*** Record excerpts Section Begins ***

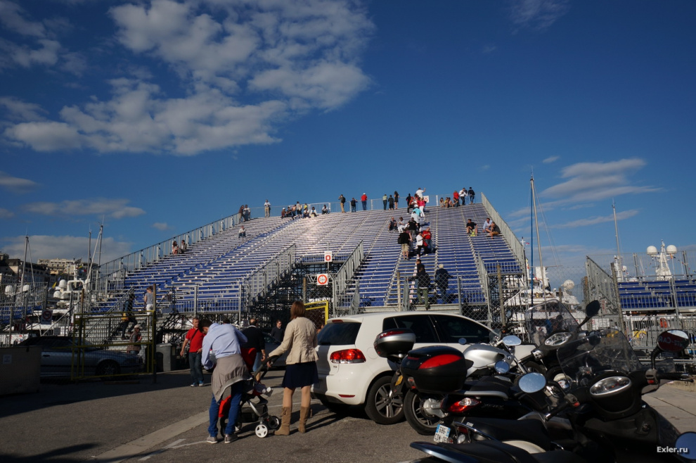 День гонки, мы снова на яхте. Идут разогревочные заезды. Заметьте, что на трибунах места полно. Но к самой гонке трибуны еще заполнятся.
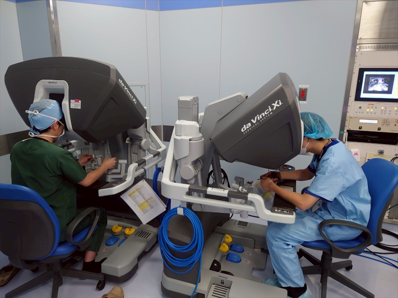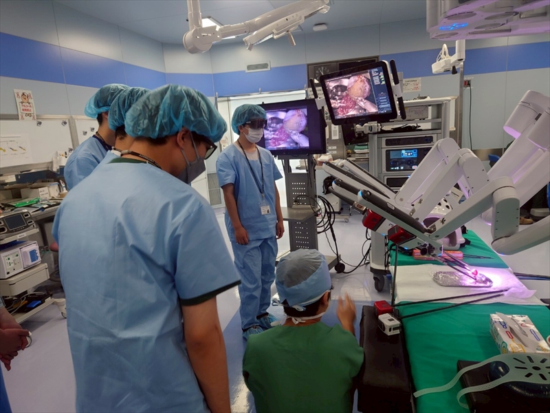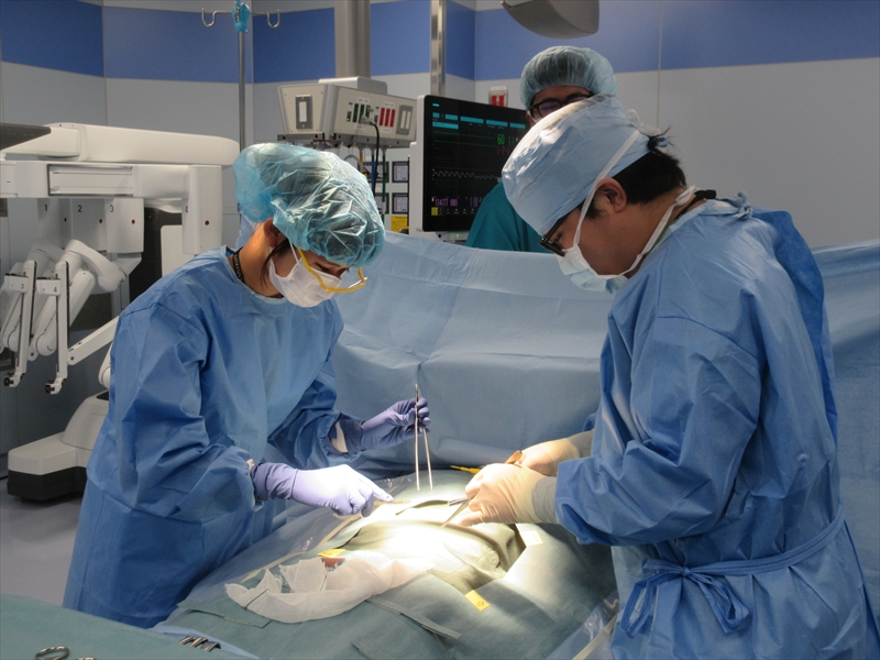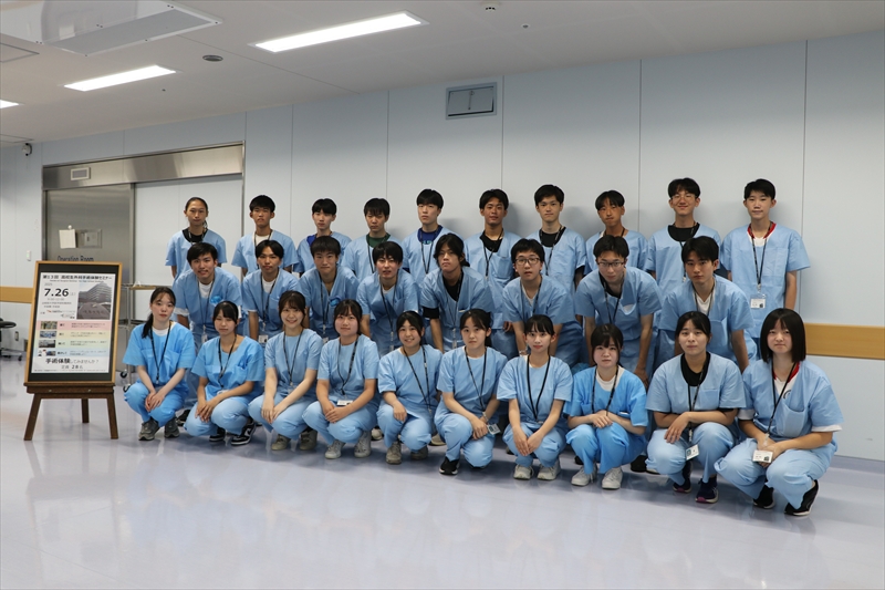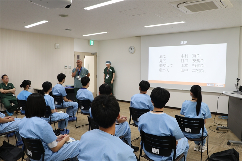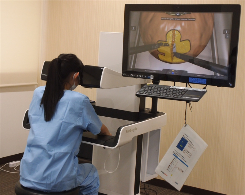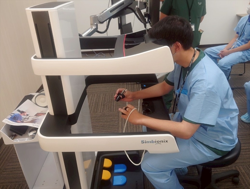 【参加人数】20名 【講習内容】 手術体験してみよう! 着て 実際の手術で使用する手術用ガウンを清潔ガウンテクニックで着てみよう! 見て ダヴィンチ(手術支援ロボット)が動いているところを見てみよう! 触って 鏡視下手術での鉗子を使用して、鏡視下手術を体験しよう! 動かして VRトレーニングシュミレーターで、ロボット下手術を体験しよう!
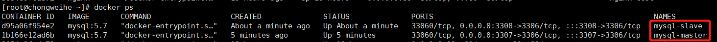 Master對外映射的端口號是3307,Slave對外映射的端口號是3308
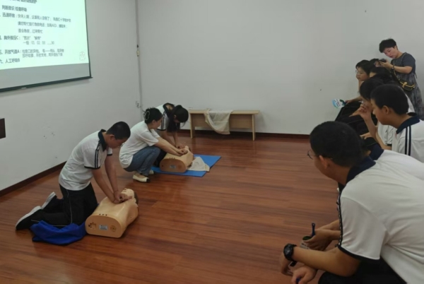 在会场设置实操技能培训,学生以3-4人为一组,在救护师和校医的指导下,进行心肺复苏实操,救护师逐人纠正动作,确保操作规范。
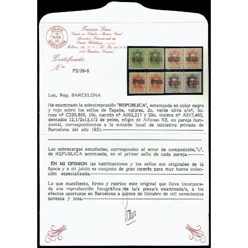 LOCAL WAR STAMPS AND CANARY ISLANDS AIR MAIL>Republican Local War Stamps>Barcelona>1931 ED. ELR Barcelona 01/04 + 01hea/04hea **

*** Record excerpts Section Ends ***

» Work instructions
Every line from the one with "在会场设置实操技能培训,学生" through the last line of the listing above must be written out exactly, and no picture may appear.

» Completed task
 在会场设置实操技能培训,学生以3-4人为一组,在救护师和校医的指导下,进行心肺复苏实操,救护师逐人纠正动作,确保操作规范。
 LOCAL WAR STAMPS AND CANARY ISLANDS AIR MAIL>Republican Local War Stamps>Barcelona>1931 ED. ELR Barcelona 01/04 + 01hea/04hea **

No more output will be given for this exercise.